Il 7 gennaio ritorneranno in classe in Campania solo le prime e seconde elementari; e, gradualmente, fino alla fine di gennaio, tutti gli studenti di ogni ordine e grado. L’assessore regionale all’Istruzione, Lucia Fortini, cambia nuovamente idea, perché dopo aver annunciato di voler rinviare il rientro a scuola di almeno una settimana, adesso apre alla possibilità di riprendere da dove si era lasciato. «Valuteremo la curva dei contagi – spiega – e ricominceremo lo screening degli alunni e avvieremo una riapertura graduale». Tutto sarà condiviso e valutato con l’Unità di crisi. «È un percorso condiviso – evidenzia Fortini in una lunga dichiarazione rilasciata ieri all’Ansa - anche con le parti sociali e infatti mercoledì (domani, ndr ) ho una riunione con i sindacati per fare il punto prima della riunione con l’Unità di crisi nei primi giorni dell’anno nuovo». La Fortini immagina un percorso che prevede dall’11 gennaio la riapertura di tutte le classi della scuola primaria, poi dal lunedì successivo, il 18 gennaio, tutte e tre le classi della secondaria di primo grado e dal lunedì 25 la secondaria di secondo grado. Le tappe del ritorno in classe, però, spiega l’assessore, verranno sempre valutate sull’andamento dei contagi: «Abbiamo previsto un allargamento della frequenza ogni lunedì in modo che il giovedì-venerdì precedente possiamo valutare lo stato della pandemia in Regione e verificare se si possono riportare in presenza altri studenti».
Il rebus degli orari d’ingresso. I blocchi di orario di ingresso indicati dalle varie Prefetture - Salerno compresa - per non affollare i trasporti pubblici e il 50% della frequenza indicata dal governo non sembrano convincere la Fortini: «Sui due blocchi di orario di ingresso alle 8 e alle 10 spiega - so che non c’è un apprezzamento da parte delle scuole. Se cominci alle 10 e devi fare sette ore, come accade ad esempio negli istituti tecnici con i laboratori, diventa davvero pesante per i ragazzi, ma anche per i docenti, perché un professore che entra in servizio alle 8 può finire alle 17. In questo momento però la priorità sono i ragazzi, e capisco che se fai il liceo e cominci alle 10 sei messo alla prova fino al pomeriggio. Su questo però decidono le singole scuole in autonomia io non posso entrarci, si coordinano con l’Ufficio scolastico regionale che dipende dal Miur». Sulla quota 50%, spiega, «avevo proposto di far svolgere il 50% delle ore organizzate direttamente dai singoli dirigenti scolastici, perché ognuno conosce la propria scuola. Ci possono essere classi con maggiori difficoltà rispetto ad altre, ad esempio la seconda fa lezione in presenza e la quarta che sta andando bene prosegue la dad. L’importante è che al massimo il 50% degli studenti sia ogni giorno a scuola. Si può fare anche tre giorni in presenza per un gruppo e tre giorni per un altro, decideranno».

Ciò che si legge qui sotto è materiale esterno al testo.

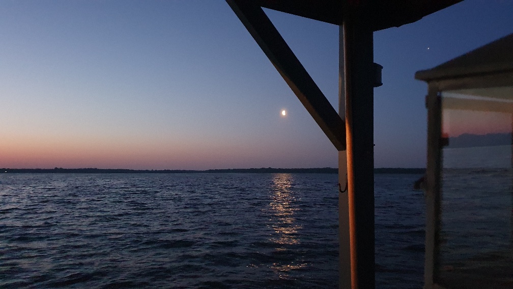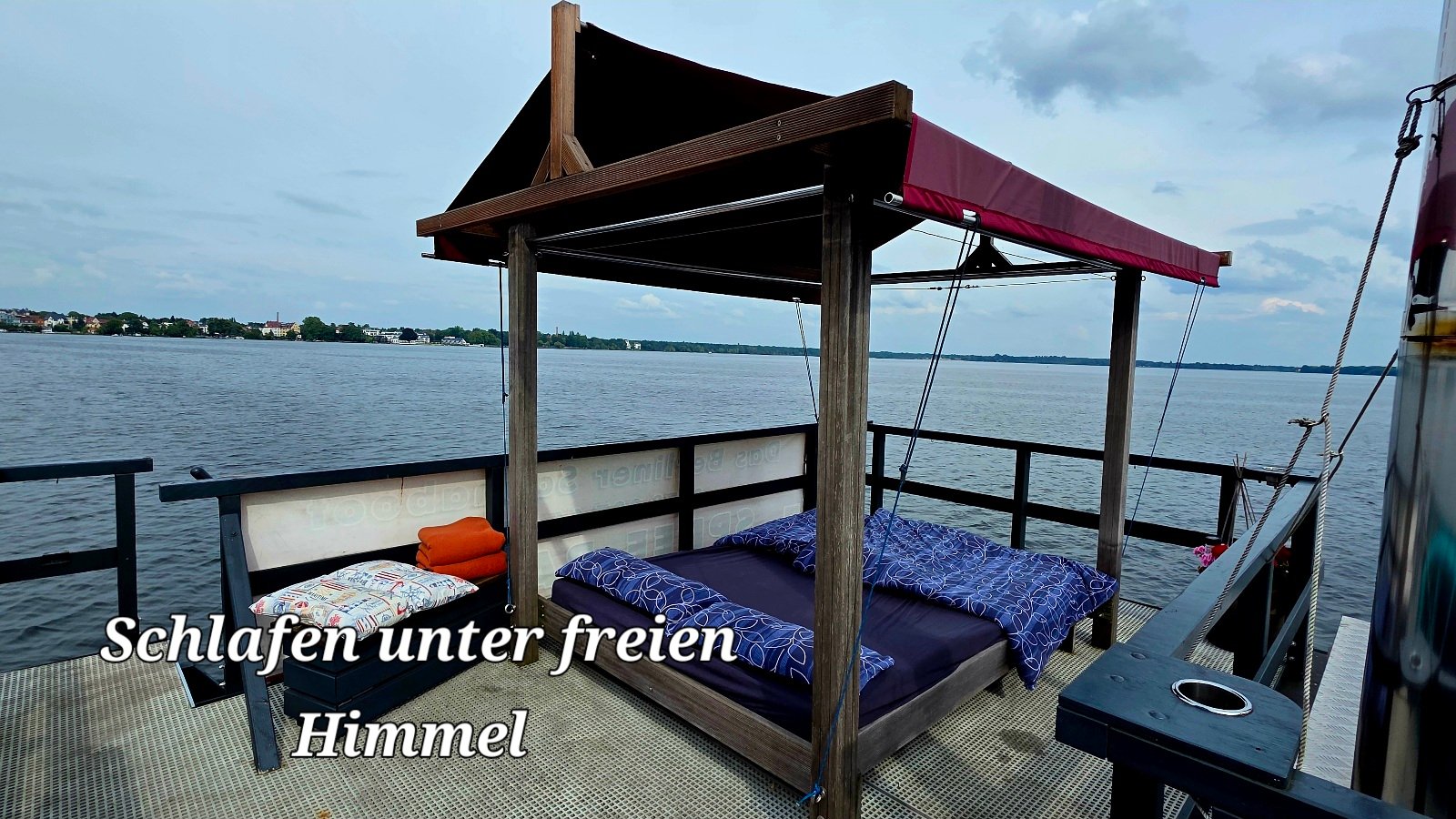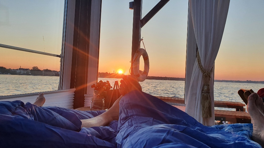 Wir reservieren für maximal 4 Personen eine Übernachtung auf dem Saunaboot -Angebot "Vollmond". Es sind zwar weitere Schlafplätze auf den Terrassen vorhanden aber diese sind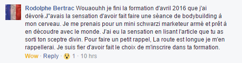 Et du coup grâce à toi, j'ai pu créer une page de vente, et puis bientôt le tunnel complet. Je n'ai pas encore les résultats, mais je ne doute pas de leur efficacité."
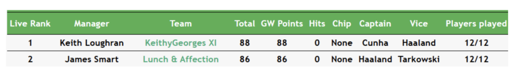 The LMS leaderboard shows the highest scores after the deduction of hit points, and also the teams that were in the danger zone. Keith Loughran was the highest scorer of the Gameweek thanks to double-digit hauls from Declan Rice, Igor Thiago and Malich Thiaw together with a near-haul from captain Matheus Cunha.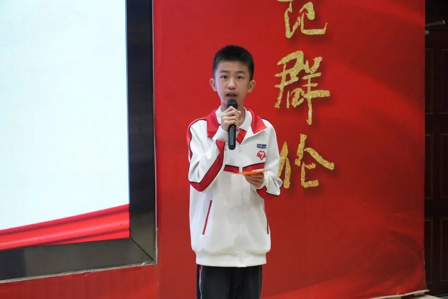 2027届6班的倪梓轩同学的演讲深情回顾了民族的苦难与抗争,并从中提炼出走向辉煌、迈向复兴的精神密码和磅礴力量。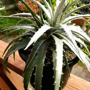 被災地の皆さん おはようございます。 今朝の1枚です。 棘が無いとアロエにしかみえませんが、棘棘しいディッキアさん… この夏で綺麗にこんもり成長しました。どこ触っても棘の攻撃に遭い、植え替え出来そうにないな…ということで、来年の春にまたまた先送りします。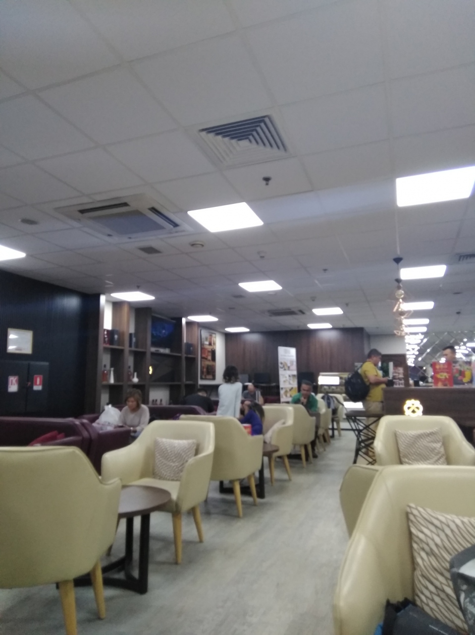 空港は狭く、売っているものも限られたものしかないので、土産は街中のバザール等で買い求めた方がいいでしょう。なおプライオリティパスで利用可能なラウンジは一か所。しかも入室前にいただいたレシートのような紙切れをラウンジ横のカフェに提示して、決まった飲み物やサンドやデザートを一回だけいただき、ラウンジに運んで食べるようになっています。変わったシステムなので、戸惑いました。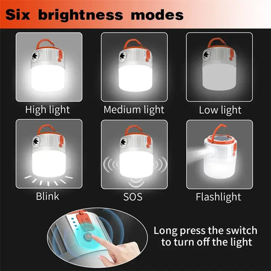Solar Camping Lantern 6 Modes Type-C USB Solar Portable Tent Lamp Led Lanterns For Outdoor Night Market Stall Emergency Light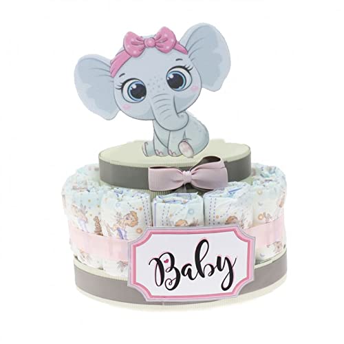 Torta Pannolini Elefante Effye Bimba Idea Regalo Nascita Economica, idea regalo nascita economica e originale (Torta da 30 Pannolini)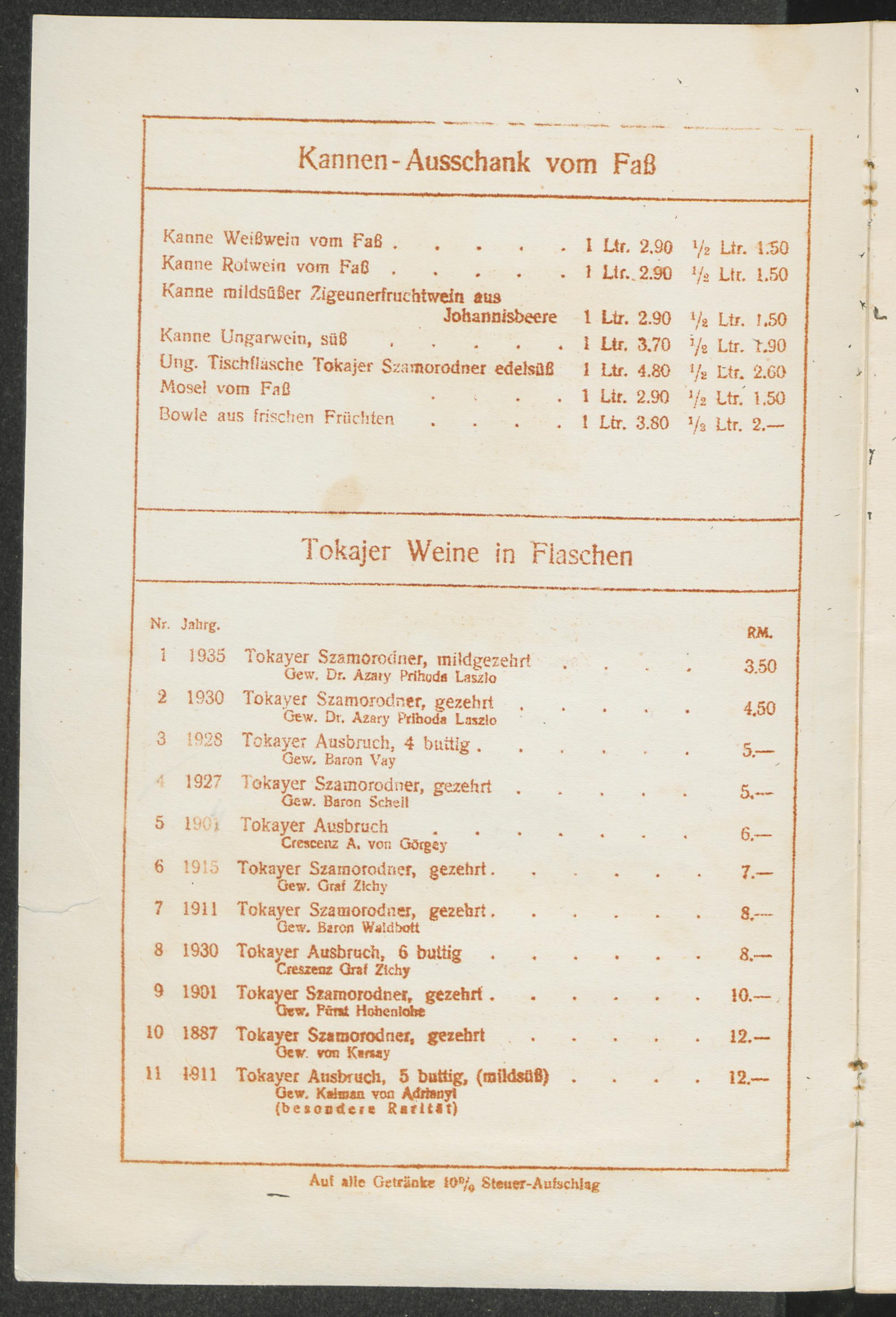 Wein- und Getränke-Karte/Zigeuner-Keller, Berlin W 15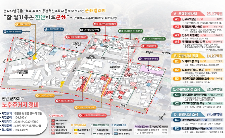 군하지구 노후주거지정비 지원사업은 진안읍 군하리 일원의 노후 저층주거 밀집지역으로“참 살기좋은 진안이로 군하”라는 사업 비전으로 주택정비사업, 기반시설공급, 생활안전시설 조성 등 2026년부터 2030년까지 5년간 추진하게 된다.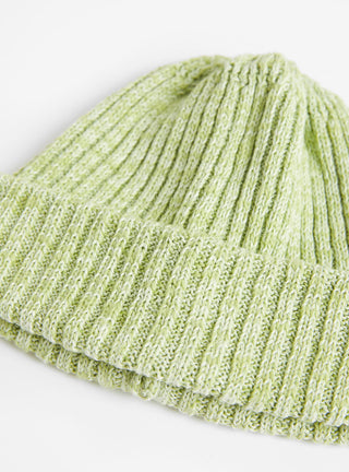 Made in Japan from a cotton and linen blend, this Green beanie from Sublimeroe is knitted by hand with a ribbed construction, featuring a folded brim.
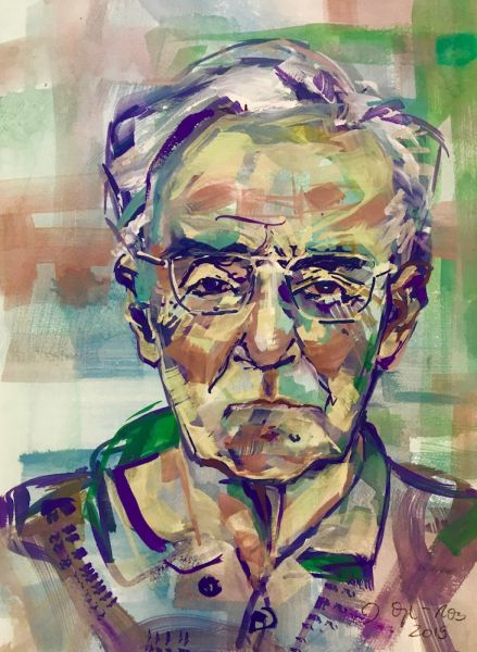 konny, vierundachtzig jahre altliveporträt 90 minuten, gouache,40x30cm, 2019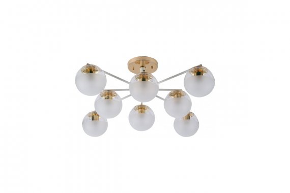 Люстра Rivoli Umbra 3129-308 8 х Е27 40 Вт модерн Umbra Rivoli (арт. 3129-308) - современная люстра в стиле модерн, люстра в гостиную в бело-золотой гамме. Количество плафонов - 8 (люстры с 8 плафонами / люстры под 8 ламп). Круглые компактные плафоны поделены на 2 части - прозрачный верх и матовый низ. Матовое стекло люстры отлично рассеивает свет и устраняет блики, прозрачное обеспечивает отличную подсветку потолка, делая комнату визуально просторнее и светлее. Находиться в комнате, где установлены люстры потолочные Umbra от европейского бренда Rivoli, приятно комфортно. Света этой люстры хватает для качественного освещения площади до 24 м2. Люстры Umbra Rivoli прекрасное решение на потолок современной квартиры. Если вы ищете люстры в спальню, люстры на кухню, спешите купить Rivoli Umbra. Корпус люстры изготовлен из металла со стойким гальваническим окрашиванием. В коллекции Umbra Rivoli представлены также люстры потолочные под 12 ламп (арт. 3129-312), современные люстры под 6 ламп (арт. 3129-306).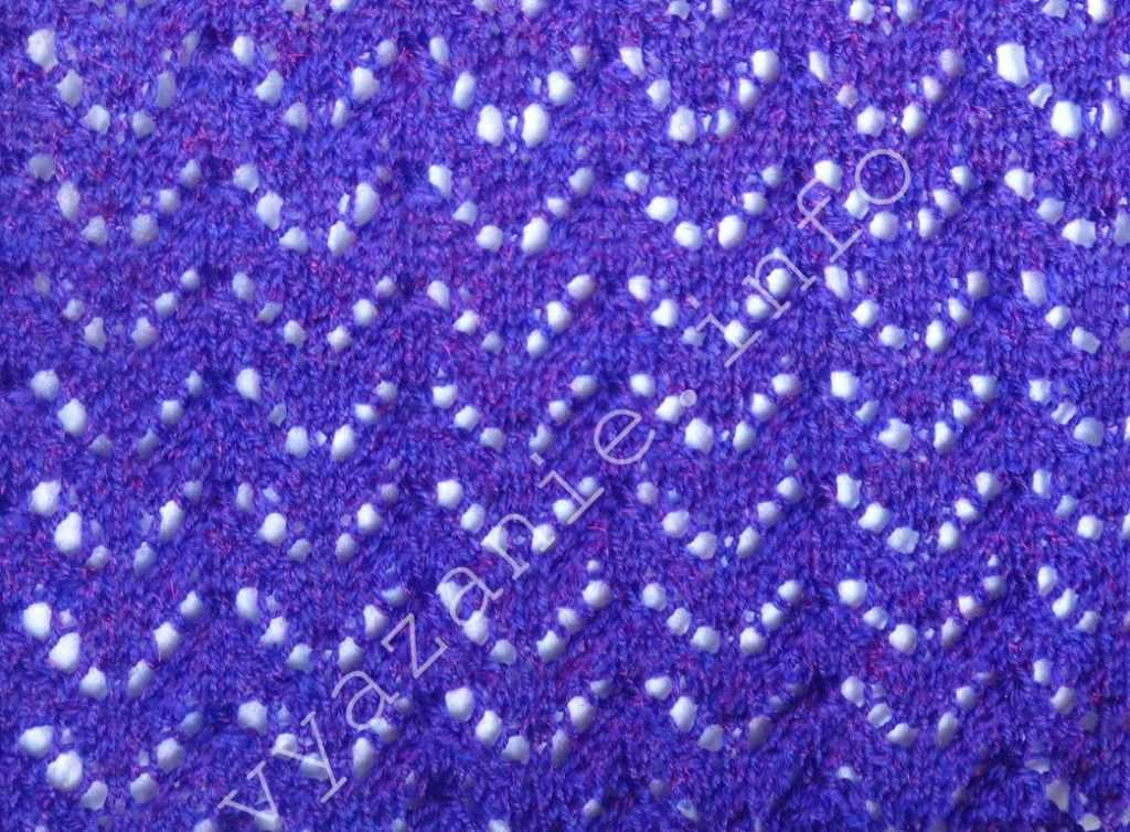 Мелкий узор с одним накидом в рапорте из 3 петель. Хорошо выглядит при вязании из хлопковой пряжи.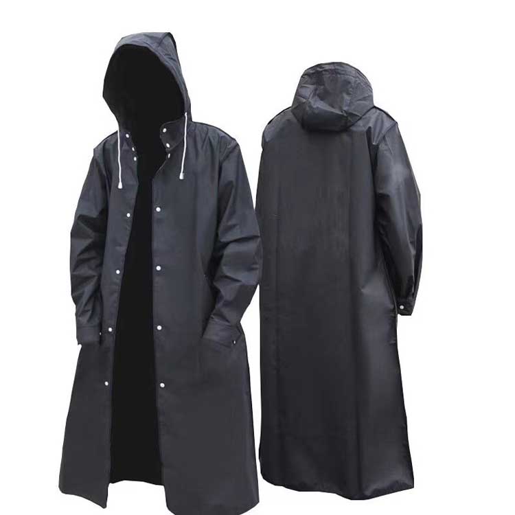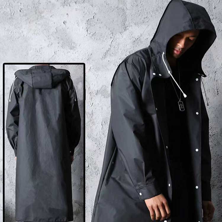 膝下までカバーするロング丈、体がしっかり覆われ、レインブーツを履けば足元まで濡れにくく、全身を雨から守ることができます。

La paura delle famiglie. Su tutto il team della scuola, però, pesa la paura delle famiglie: «Il polso della situazione - spiega Fortini mi dice che l’80% dei genitori non vorrebbe tornare in presenza, in particolare per elementari e medie. Il problema è che se dai possibilità di scelta, cosa che non si potrebbe fare nella scuola dell’obbligo, rischi che le persone fino a maggio non facciano frequentare nessuno. Invece avevo proposto una valutazione sui singoli casi, ad esempio se hai conviventi fragili, come i nonni, puoi chiedere la Dad. Su questo c’è stato anche un accenno da parte del Miur, vediamo. In generale bisogna convincersi tutti che dobbiamo abituarci all’idea che i figli tornano a scuola, uscendo dalla rigidità che è servita per mantenere sotto controllo la seconda ondata».